Trabzon her zaman yaşanan olumsuz gelişmelerle yaygın basının gündemine girmiş, manşet haberlere konu olmuştur.
Bunu derken genelleme de yapmak istemiyoruz, Trabzon’u objektif biçimde yansıtan yaygın basın temsilcileri de söz konusudur, onların emeklerine saygısızlık etmek istemem.
Ancak, yaygın basın Trabzon’a, Trabzonspor’a pozitif bakmadığı bir gerçek.
7 Haziran genel seçimine doğru gündem tüm sıcaklığıyla seçimi yansıtırken ve Trabzon’dan da seçim yarışına önemli isimler girmişken, bu konuya brojektör tutmayan yaygın basının, 1 Mayıs olayına baştan kara dalış yaparak Trabzon’u olaylarla gündemin birinci maddesini çıkarmasında da önyargı vardı.
Neyse ki, Trabzon’da yaşanan 1 Mayıs kargaşasının sorumlusu da sırf yaygın basın olmadığını ifade edelim.
HDP diye bir parti var, terörden beslenen terörün sözcülüğünü yapan, Kürtçülük propagandası yapmaktan bir adım öteye geçmeyen bu partinin sözcüleri, şimdi de kalkmışlar Türkiye partisi olmuşlar gibi ülkeyi ve ülke siyasetini dizayn etmeye kalkışmışlar.
Doğru bir yaklaşım değil, elbet.
Sadece bir kesim Kürtleri savunuyorsan, terörle iç içe isen terörün sözcülüğünü yapıyorsan ki, öylesin, savunduğun gibi dur, Türkiye partisi olmaya soyunma olamazsın, kabul görmezsin, tavır ve hareketlerinle ülkesini seven insanların tepesini artırırsın.
Trabzon’da yaşanan olayın sebebi HDP’dir.
HDP’yi Trabzon’da bir parti kılığına sokmaya çalışan insanların, biz de Trabzon partisiyiz, bu şehrin insanlarının bir parçasıyız iddiasından kaynaklanıyor.
Hayır, HDP ne Trabzon’un ne de Türkiye’nin partisi değil.
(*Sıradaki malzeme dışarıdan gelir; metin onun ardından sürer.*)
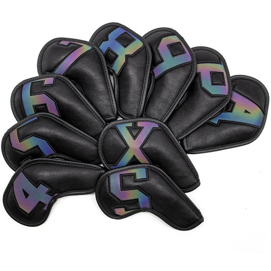 Black Waterproof Leather Number Golf Iron Head Covers 10pcs

Belki ileride olacak çözüm süreci sonuca kavuşursa HDP’de Türkiye partisi olacak belki o partiye gerek kalmayacak ama en azından bugün ki gibi derin cepheler olmayacak.
1 Mayıs’ta yaşanan ve HDP’lilerin sebebiyet verdiği Trabzon’daki olayların Türkiye gündemine oturması da Trabzon’a büyük haksızlıktır.
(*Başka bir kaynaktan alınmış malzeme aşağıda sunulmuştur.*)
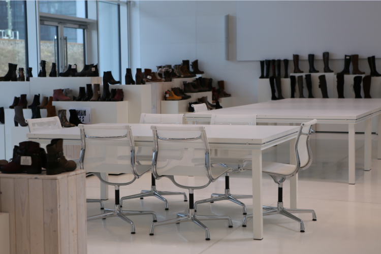 Nach einem kurzen Kräftetanken im Hotel befanden wir uns dann am nächsten Morgen auch endlich auf dem Weg zum Kunden. Durch den morgendlichen Hamburger Berufsverkehr fuhren wir mitten in die Innenstadt, um unser Auto in einem kleinen Hinterhof zu entladen und die Schuhkoffer per Aufzug in die Zentrale des Kunden zu schicken. Dort packten wir die Koffer in einem kleinen Showroom aus und stellten die Schuhe nach Themen sortiert auf, sodass der Kunde gleich einen Eindruck und Überblick von unseren Schuhen bekommen konnte. Schuhe aufgebaut, Unterlagen parat, Hemd und Sakko gerichtet – es konnte also losgehen. Nach einer kurzen Begrüßung und einem Gespräch über vorherige und aktuelle Kollektionen, stellte Herr Schnittger die Kollektion in allen Einzelheiten vor und zeigte dem Kunden die Details und Vorteile der verschiedenen Schuhe. Wir notierten die Artikelnummern der Schuhe, die dem Kunden gefielen, sodass später ein Angebot zu diesen Schuhen erstellt werden konnte. Nach ungefähr drei Stunden guter und intensiver Gespräche über Absätze, Materialien und Details war der Kundentermin zu Ende.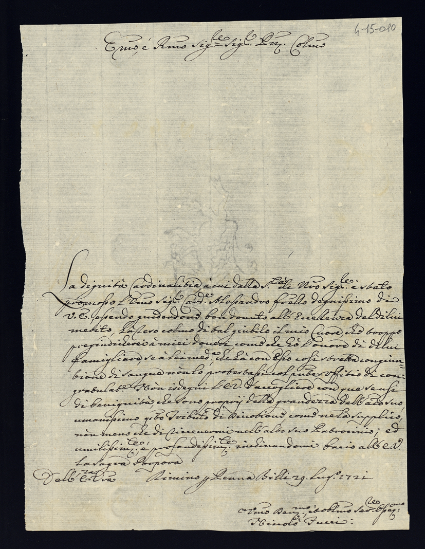 Lettere di congratulazione per l'esaltazione alla Porpora dell'eminentissimo cardinale Alessandro Albani

Trabzon her zaman terörün bedelini ödemiş, ödemeye devam ediyor.
HDP’nin savunduğu bölgenin insanı yıllardır beri bedel ödemiyor, Türk halkına bedel ödetiyor.
Çünkü, PKK terörü bir yandan öldürerek, diğer yandan yakıp yakarak ülkenin kaynaklarını tüketmek için elinden gelen her türlü hainliği yapmış, bugün de çözüm süreci adı altında ortaya konak barış görüşmelerini bir taraftan kabul edip diğer taraftan sabote ederek, taviz üstüne taviz koparmanın peşindedir.
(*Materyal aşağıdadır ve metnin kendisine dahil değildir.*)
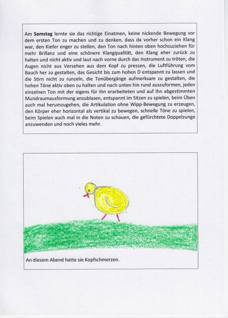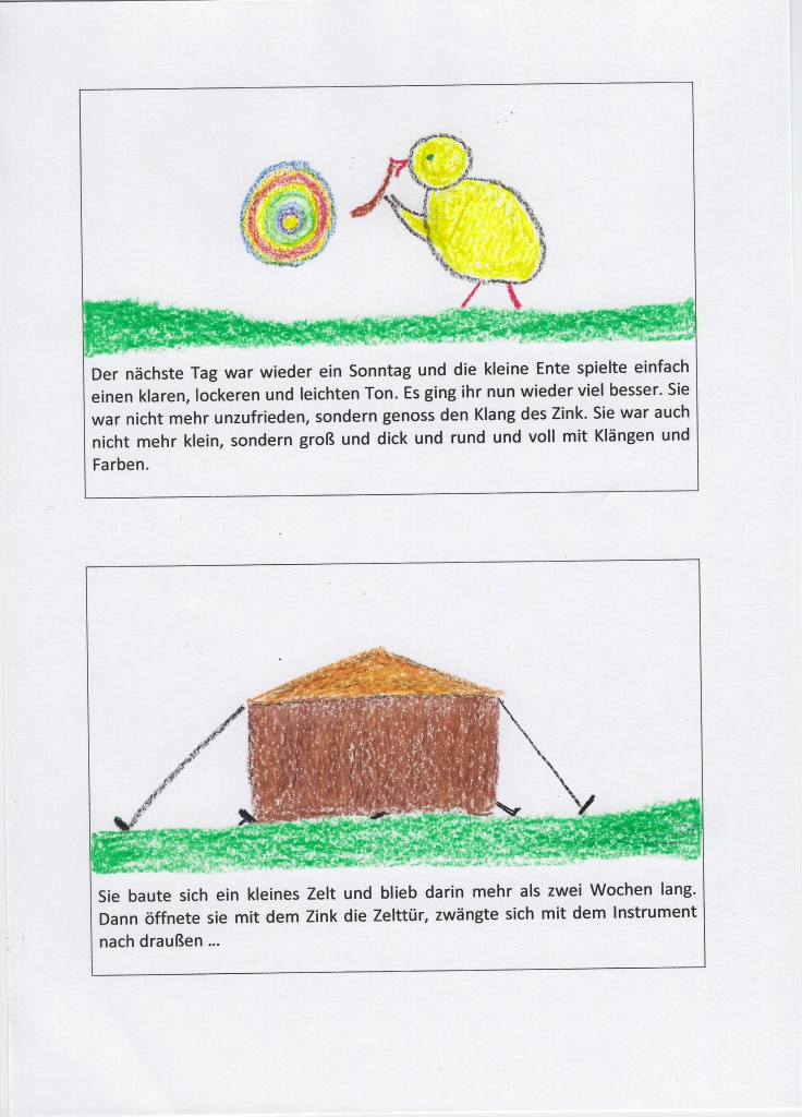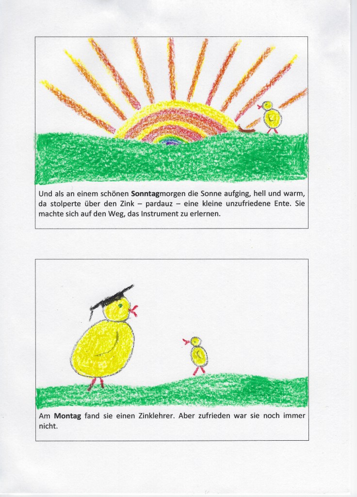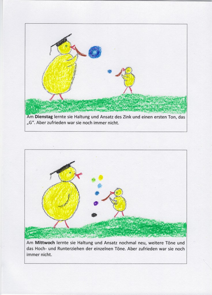 In Anlehnung an „Die kleine Raupe Nimmersatt“ von Eric Carle habe ich Ende April 2019 die Geschichte meines Zinkunterrichtes in Farben dargestellt und nicht nur mit Wörtern beschrieben. Es ist so verlockend, die wunderbare Welt der Klänge mit schönen Farben abzubilden.

Altını çizerek vurgulamak istiyoruz ki, HDP Trabzon’da siyaset yapmak istiyorsa haddini bilmesi gerekir.
Kendisini diğer siyasi partilerle eşit, aynı haklara sahip görmemeli.
Çünkü, kendilerini diğer partilerle aynı safta görmüyorlar.
Dolayısıyla, Trabzon’un başına bela olacak gelişmelere çanak tutmaktan kaçınmalıdırlar.